== INPUT ==

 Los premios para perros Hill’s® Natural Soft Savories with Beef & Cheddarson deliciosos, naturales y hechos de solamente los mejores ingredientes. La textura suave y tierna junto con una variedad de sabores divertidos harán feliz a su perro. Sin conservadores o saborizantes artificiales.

===
== INPUT ==

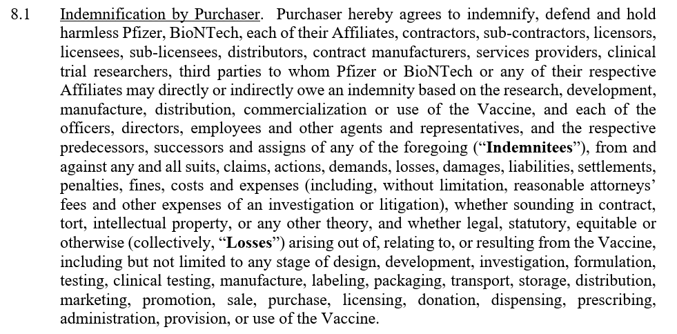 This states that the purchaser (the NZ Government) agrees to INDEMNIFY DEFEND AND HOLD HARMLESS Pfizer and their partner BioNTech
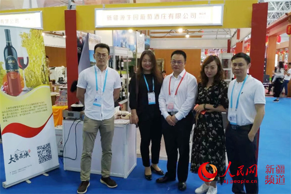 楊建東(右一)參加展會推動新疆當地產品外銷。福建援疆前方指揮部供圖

===
== INPUT ==

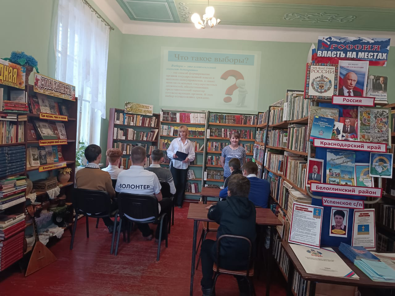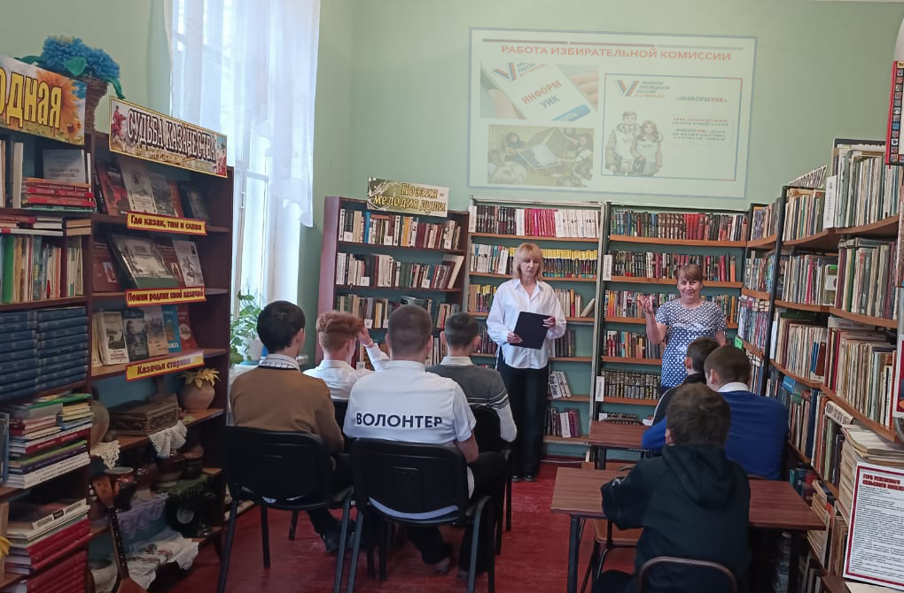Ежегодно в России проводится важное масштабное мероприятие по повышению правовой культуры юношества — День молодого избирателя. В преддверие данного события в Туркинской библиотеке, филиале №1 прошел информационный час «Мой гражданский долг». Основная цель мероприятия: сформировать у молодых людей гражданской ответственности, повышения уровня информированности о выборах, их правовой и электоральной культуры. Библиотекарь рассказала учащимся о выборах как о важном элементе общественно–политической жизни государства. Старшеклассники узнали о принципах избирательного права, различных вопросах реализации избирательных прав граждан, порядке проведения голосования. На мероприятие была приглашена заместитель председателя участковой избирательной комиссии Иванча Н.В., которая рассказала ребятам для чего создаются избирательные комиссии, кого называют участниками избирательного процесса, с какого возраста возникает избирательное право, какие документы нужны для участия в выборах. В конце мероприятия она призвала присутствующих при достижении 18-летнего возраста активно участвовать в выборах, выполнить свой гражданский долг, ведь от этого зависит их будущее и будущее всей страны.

===

Output only the lines above from the line that holds "This states that" through the line that holds "楊建東(右一)參加展會推動新疆當地產品外銷。福建援疆前方指揮部供圖", both ends included, and exclude pictures.

 This states that the purchaser (the NZ Government) agrees to INDEMNIFY DEFEND AND HOLD HARMLESS Pfizer and their partner BioNTech
 楊建東(右一)參加展會推動新疆當地產品外銷。福建援疆前方指揮部供圖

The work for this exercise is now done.